_Task material_

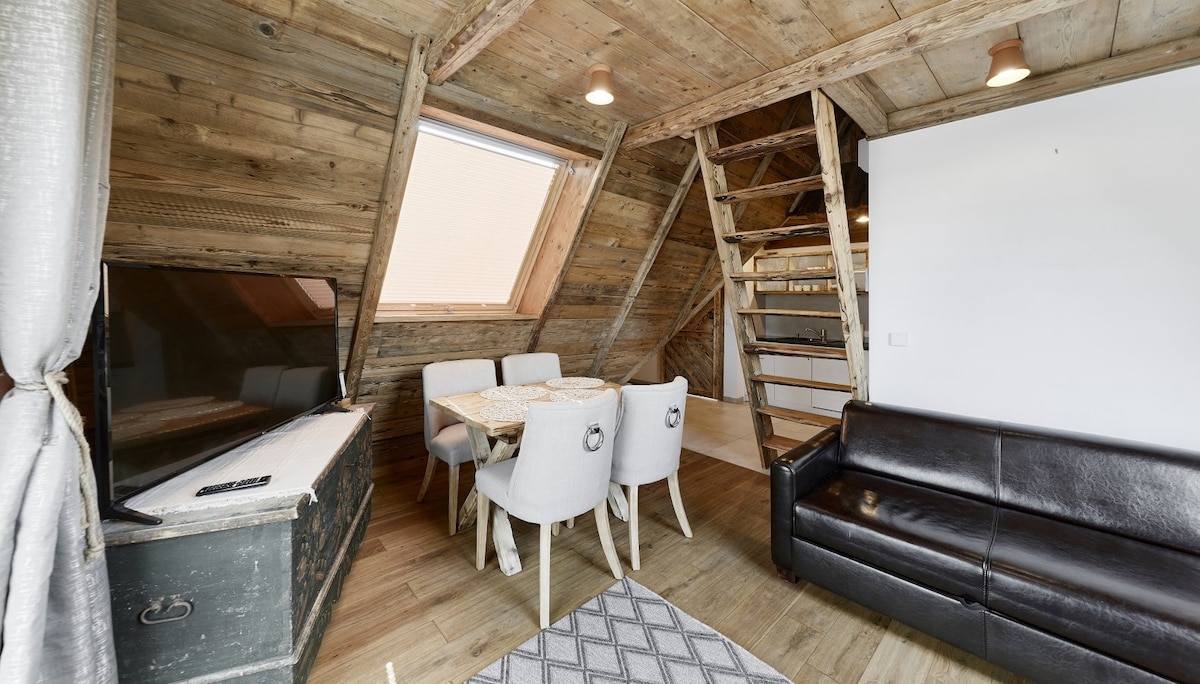 Czteroosobowy lub sześcioosobowy apartament z jedną sypialnią, w samym centrum miasta Zakopane. Apartament składa się z antresoli oraz pokoju dziennego z aneksem kuchennym, sypialnią, łazienką oraz balkonu. Wykończenie w drewnie sprawia, że apartament jest niezwykle stylowy i przyjemny w codziennym użytkowaniu. W przestronnym pokoju znajduje się w pełni wyposażony aneks kuchenny.
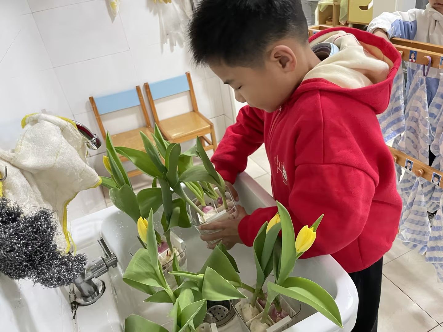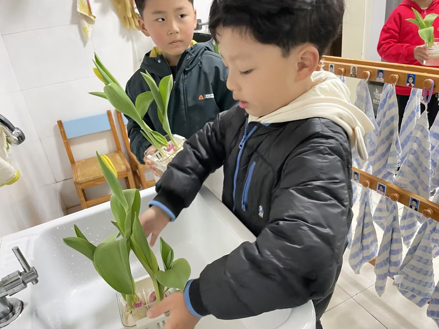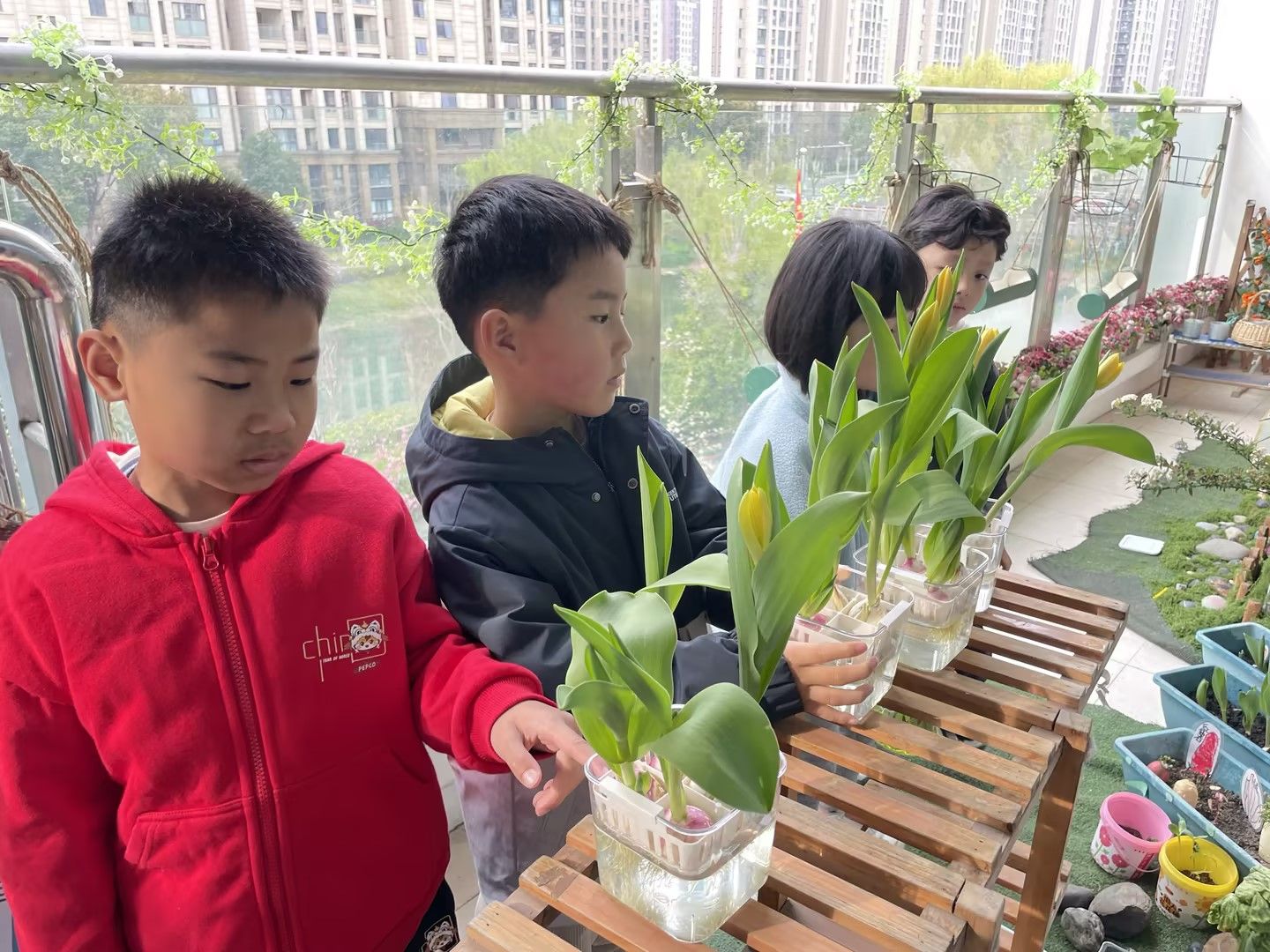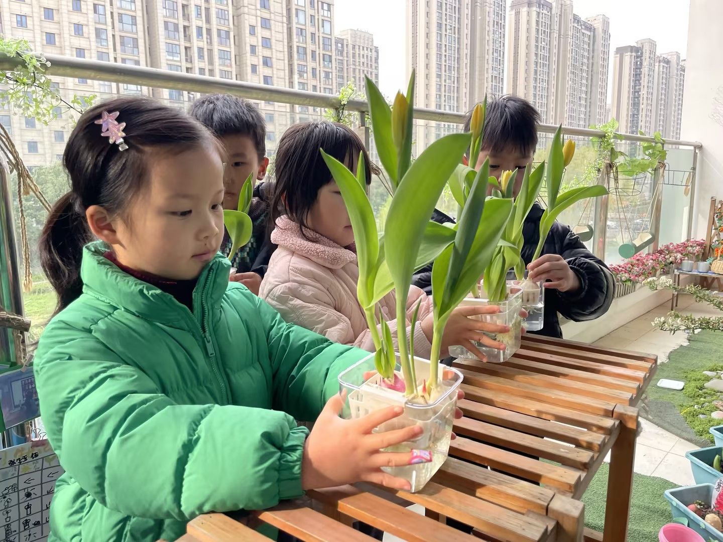阳光明媚的日子里,宝贝们化身小小园艺师,细心照料水培郁金香,静静等待花开;
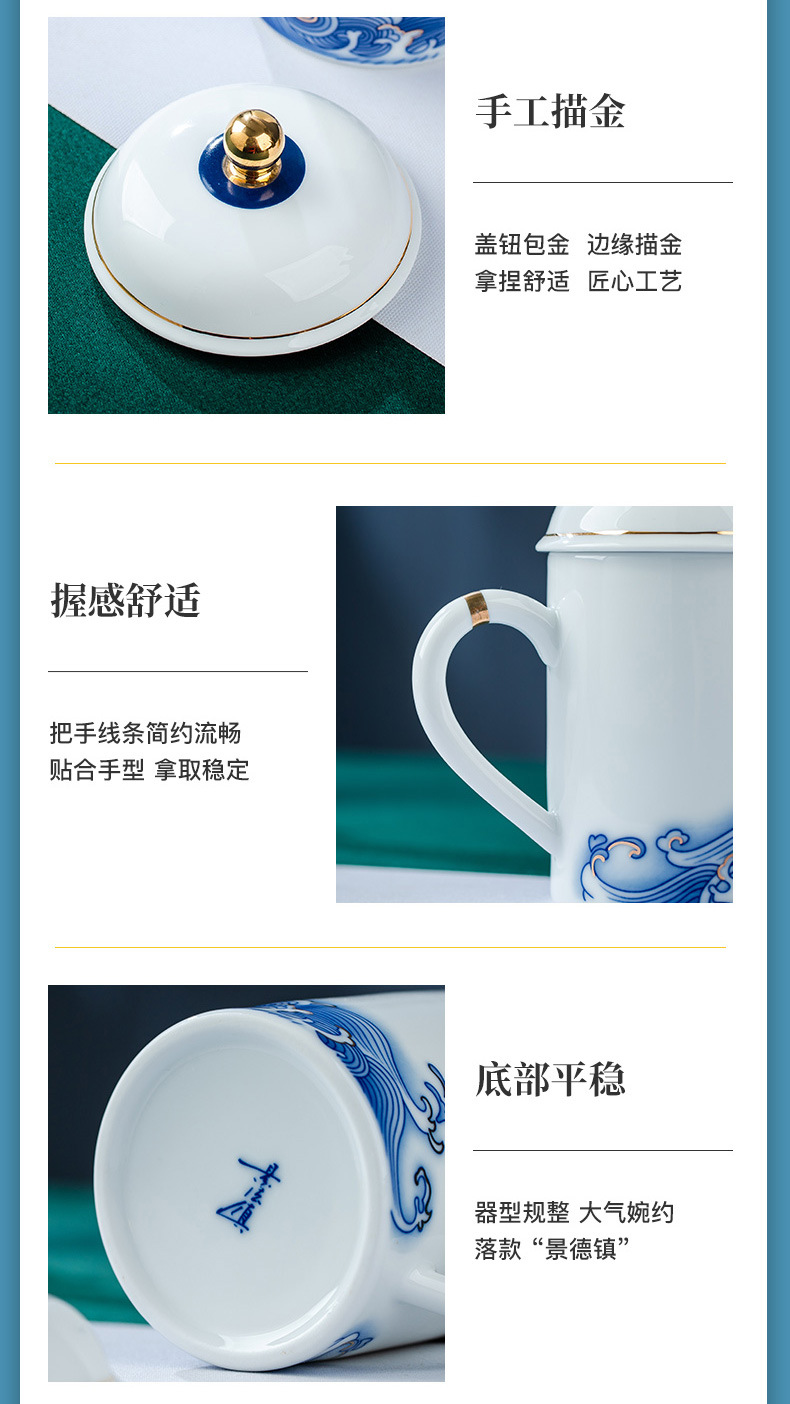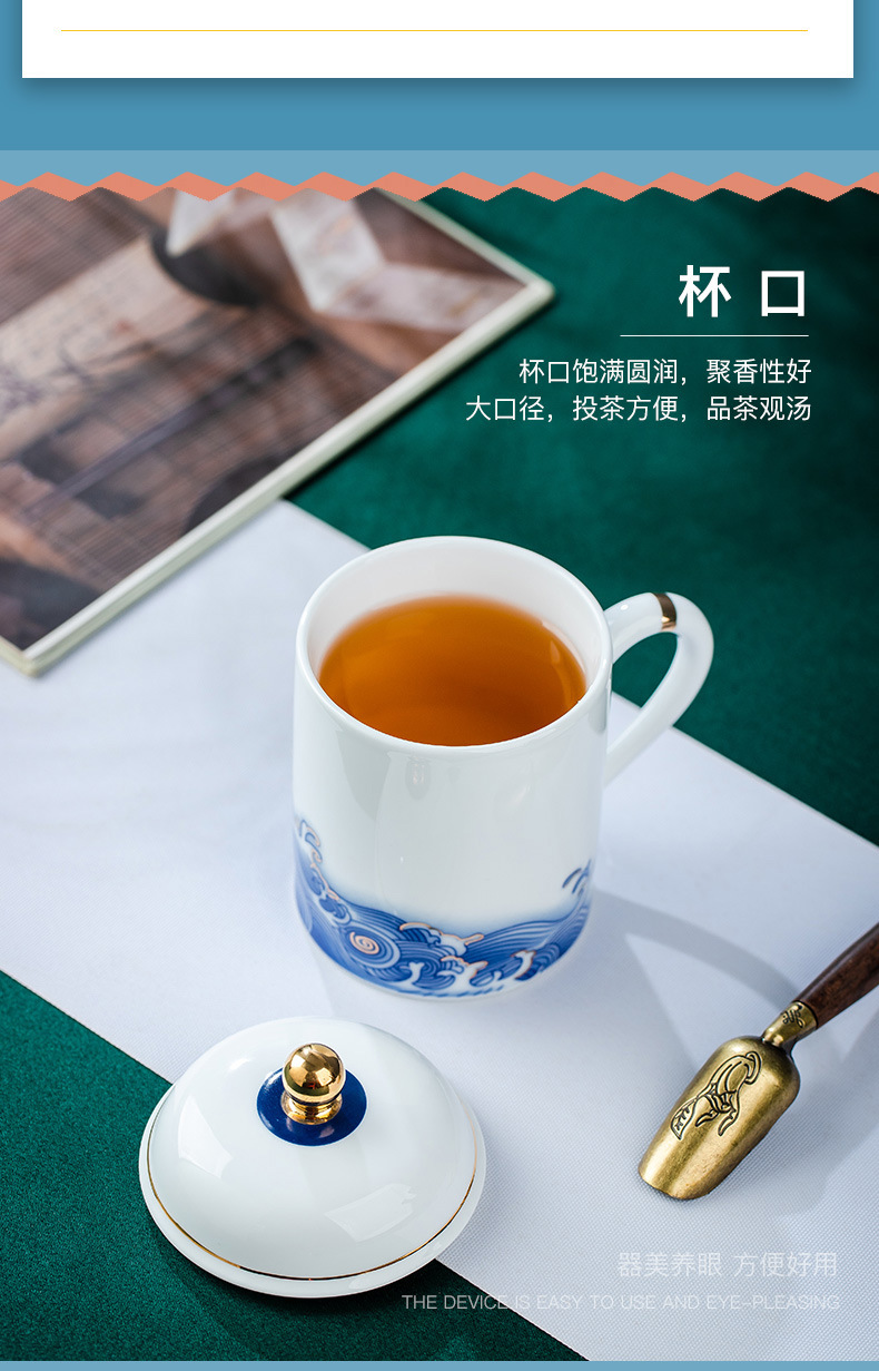 Jingdezhen 크리에이티브 세라믹 골드 웨이브 플래닛 컵 회의실 티컵 오피스 컵 뚜껑 개인 워터 컵스토어 가기
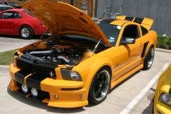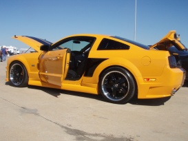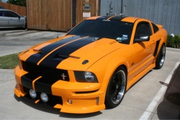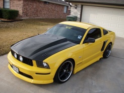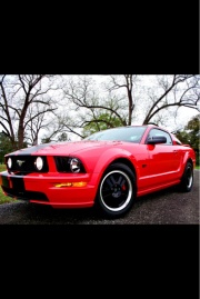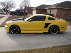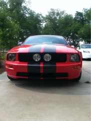 I have an 05 gt in torch red w/ flat black 10" racing stripes. I'm satisfied with performance (intake, tune, exhaust) and I'm looking for some aesthetic upgrades now. I want to lower it 1" in the rear and keep with the red/black theme. Should I stay with the regular racing stripes an go wider or go with a different style?
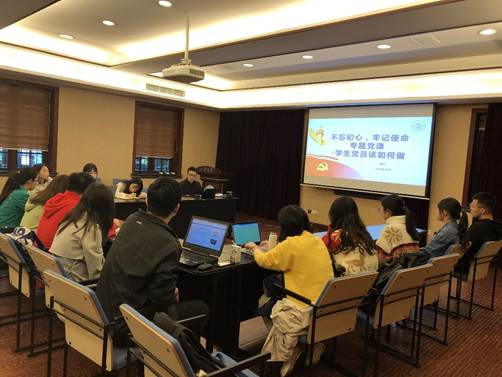 党委副书记胡佳老师在文字斋报告厅为学院全体本科生党员、发展对象以及入党积极分子讲了一堂内容丰富的党课,主题为“不忘初心、牢记使命,学生党员该如何做”,全体参与同志认真聆听,积极互动。

_Required action_
The response must restate exactly the lines from the one containing "Jingdezhen 크리에이티브 세라믹" through the end of the records above and must leave out all pictures.

_Answer section_
 Jingdezhen 크리에이티브 세라믹 골드 웨이브 플래닛 컵 회의실 티컵 오피스 컵 뚜껑 개인 워터 컵스토어 가기
 I have an 05 gt in torch red w/ flat black 10" racing stripes. I'm satisfied with performance (intake, tune, exhaust) and I'm looking for some aesthetic upgrades now. I want to lower it 1" in the rear and keep with the red/black theme. Should I stay with the regular racing stripes an go wider or go with a different style?
 党委副书记胡佳老师在文字斋报告厅为学院全体本科生党员、发展对象以及入党积极分子讲了一堂内容丰富的党课,主题为“不忘初心、牢记使命,学生党员该如何做”,全体参与同志认真聆听,积极互动。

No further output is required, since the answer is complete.